# Vanilla/Chocolate/Cookie/Cake Type? Lol



## H Diamond Farms (Jun 3, 2011)

My sister is undoubtedly a lover of chocolate cake, chocolate chip cookies, etc. Was going to to try and find a nice scent for her for Christmas. Any good recommends? 
I saw Vicki's review of the Mint Sugar Cookie one from Aroma Haven, and it looks promising.
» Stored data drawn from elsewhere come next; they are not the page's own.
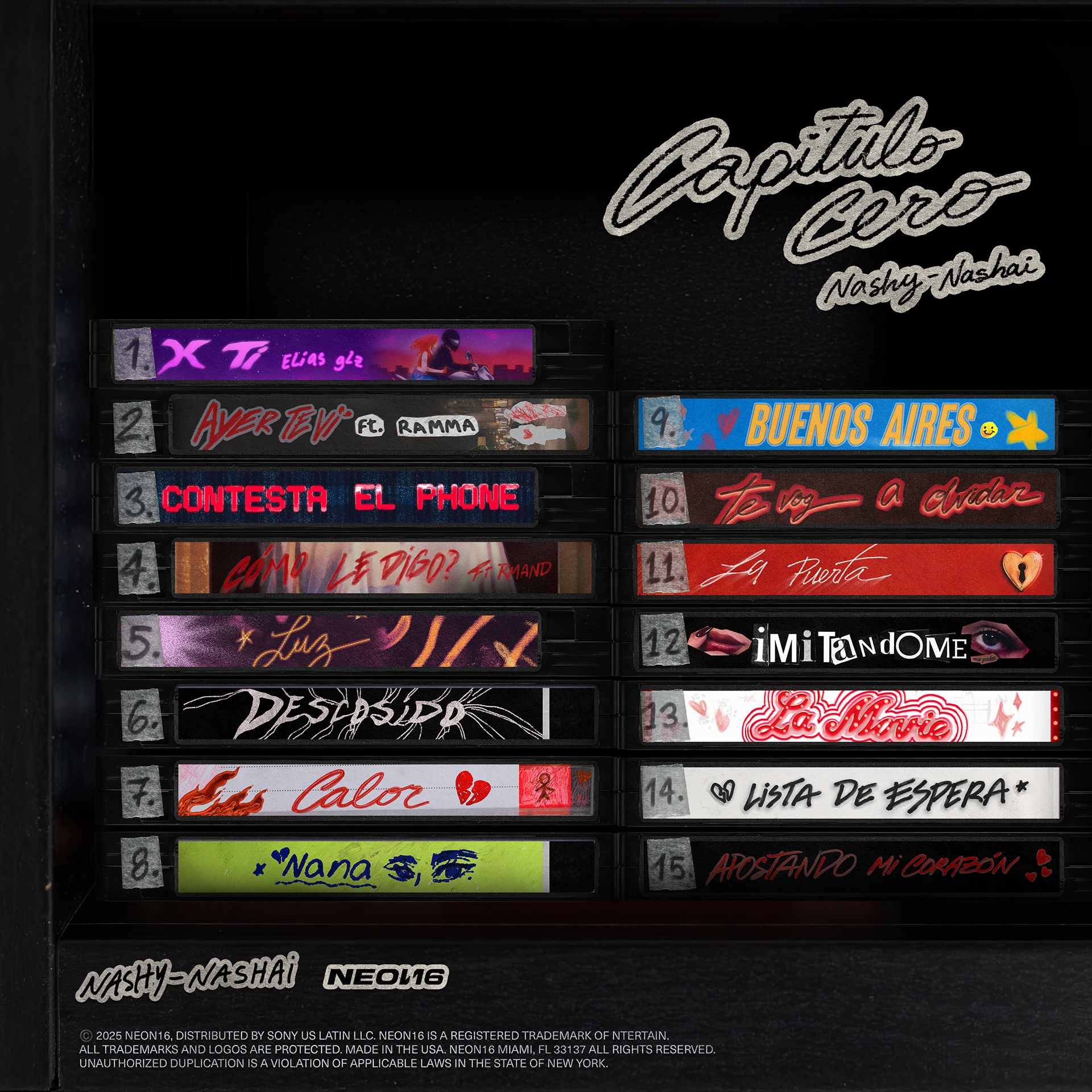 For this project, I developed the visual identity for Nashy’s CAPÍTULO CERO, including the album cover, tracklist, and single covers. The visuals balance bold energy with a strong pop presence, setting the tone for this new era while staying true to Nashy’s essence. The concept is built around the idea that each song represents a cassette, a cinematic moment, a movie from her life.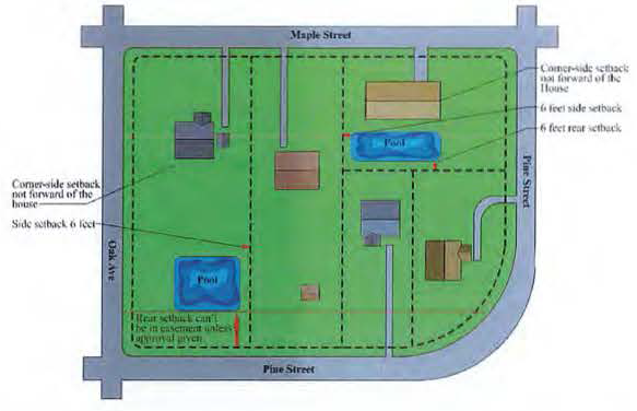 Above-ground and in-ground swimming pools may meet a six (6) feet minimum setback requirement in any zoning district; provided that there is a principal use or structure on the land, and that the pool is not located forward of the principal structure or on a street/corner side. Pool enclosures and decks over twelve (12) inches in height must meet setback requirements of the zoning district.
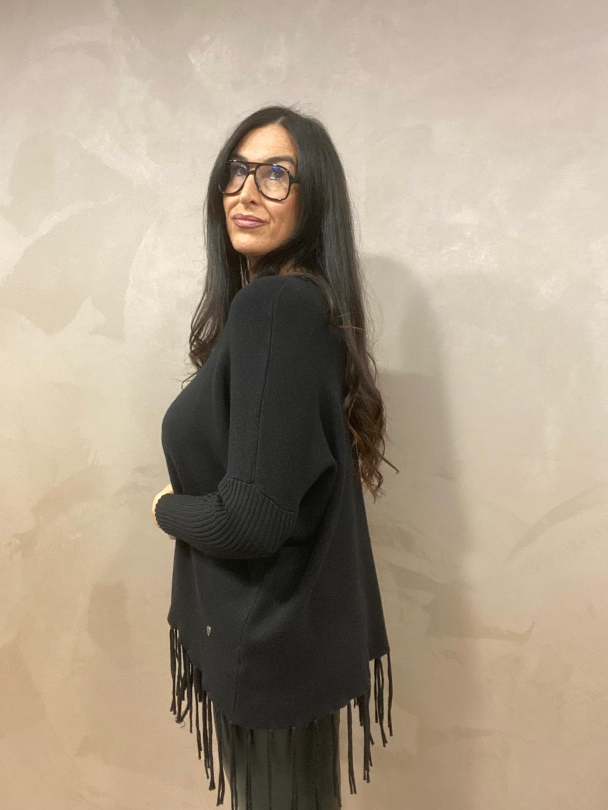 La Maglia Frange combina la semplicità del nero con la vivacità delle frange, creando un look contemporaneo e sofisticato.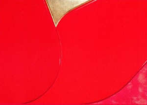 Di forte impatto emotivo le tele a grandezza monumentale, dove i colori accesi: rosso, nero, bianco, ( ma anche azzurro e verde) uniti alla foglie d’oro si compongono in astratte geometrie. La
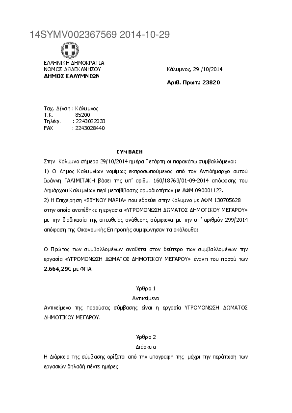 2. Παροχή της Υπηρεσίας "Υγρομόνωση Δώματος Δημοτικού Μεγάρου"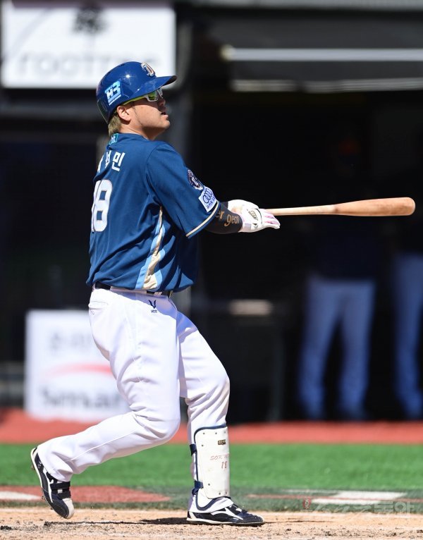 9일 수원KT위즈파크에서 ‘2021 신한은행 SOL KBO리그’ KT 위즈와 NC 다이노스의 더블헤더 1차전 경기가 열렸다. 4회초 1사 1, 2루 NC 박석민이 우전 3점 홈런을 치고 있다.
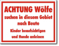 KSt., weiß-rot, ACHTUNG Wölfe suchen in diesem Gebiet nach Beute Kinder beaufsichtigen und Hunde anleinen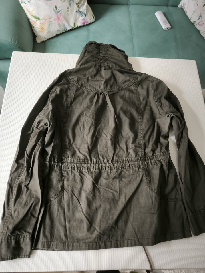 Düğmeli, yüksek yakalı, uzun kollu ve keten kumaştan yapılmış gri renkli kadın ceketi. Orta boy ve sokak tarzına uygun dış mekan kullanımı için ideal.
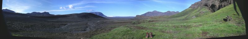 Ich fülle die Flasche an der Regentonne und breche auf, nach Eintrag ins Gästebuch und nachdem ich die Gebühr in den Blechkasten im Vorraum entrichtet habe. Sonne und blauer Himmel. Ziehe beim ersten Halt schon das Sweat-shirt aus und nehme großzügig von der Sonnenmilch. Die Kappe habe ich schon beim Aufbruch aufgesetzt. Der Weg ist teilweise sandig, aber auf der Piste durch die Autos so weit festgefahren, daß er gut gangbar ist. Ich suche nach dem Tal am Rauðafell, von dem Lisa Steppe in ihrem Reiseführer schreibt, daß es zum Zelten einlädt. Dort, wo die Piste beginnt zum Miðdalsfjäll anzusteigen, vielleicht 9 km nach der Hütte, sehe ich hinter einem Hügel links von mir etwas, das mir zumindest einladend vorkommt. Mit Gras und flachem Bewuchs bedeckte Hänge, die vor der Abbruchkante zum Flußbett stellenweise waagerechte Wiesen bilden. Das Flußbett ist nur noch eine Geröllfläche. Ich durchquere es, baue das Zelt auf und begebe mich auf die Suche nach Wasser. Dazu gehe ich auf der Piste weiter bergauf. Alle Hänge weisen tiefe Sturzbachrinnen auf, aber nirgendwo ist Wasser. Die Sonne brennt und der Anstieg ist streckenweise ziemlich steil, mir graut vor Morgen. Mit dem Rucksack wird das heftig. Der Weg hat sich zwar wegen der Aussicht allein schon gelohnt - wer weiß, wie morgen die Sicht sein wird? - aber weit und breit kein Wasser.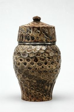 Puszka na herbatę z wielobarwnych glinek, Niemcy, Miśnia, ok. 1711, kamionka Johanna Friedricha Böttgera z wielobarwnej masy, szlifowana, polerowana; metal

If you soap with cocoa butter, will enough cocoa scent come out? Will adding cocoa instead of a chocolate scent work?


----------



## NubianSoaps.com (Oct 26, 2007)

Cocoa butter makes a beautiful hard soap, but no, scent does not come through.
Cocoa powder makes a beautiful chocolate color and scent, but it's better used as a swirl.
Nature's Garden has an excellent Chocolate scent (I am not home to look at it but something like Chocolate cheese cake) if I don't come back to this question ask me to  Vic


----------



## H Diamond Farms (Jun 3, 2011)

Thanks!


----------



## [email protected] (Sep 18, 2008)

Rich Dark Chocolate (or Dark Rich Chocolate ??) Brambleberry. Love, love, LOVE it. It's a bit pricey, but I use it in blends. With peppermint for Peppermint Pattie, with coconut and a vanilla type for Chocolate Coconut Cheesecake, etc. So instead of buying different scents for each chocolate fragrance I want, I only need to blend with the one.


----------



## Kalne (Oct 25, 2007)

I'd like to know what the NG scent is. I'm getting an order together this weekend.


----------



## NubianSoaps.com (Oct 26, 2007)

Chocolate Cream Cheese Cupcake, from Natures Garden.


----------



## Kalne (Oct 25, 2007)

Thank you! I'm going to order some. I've been using their Italian Biscotti for vanilla. It's on the sweet side but is the best thing I've found that doesn't end up smelling like play-doh or the like.


----------



## LynninTX (Oct 25, 2007)

I love that Italian Biscotti! Awesome in soap and almost sold out in lotion bars.


----------



## Anita Martin (Dec 26, 2007)

I used to make a soap I called "Naked" with a very high percentage of cocoa butter. The soap was hard as a rock and you could definately smell the cocoa butter in it, although it was not super strong. I think it would have been really nice scented with Vanilla. Using small amounts of cocoa butter won't allow the scent to come through and cocoa butter is pretty expensive to use for soap in large amounts. I just used it like this in a small facial bar that was about 3.5 or 4 oz and priced the same as my bigger bars.


----------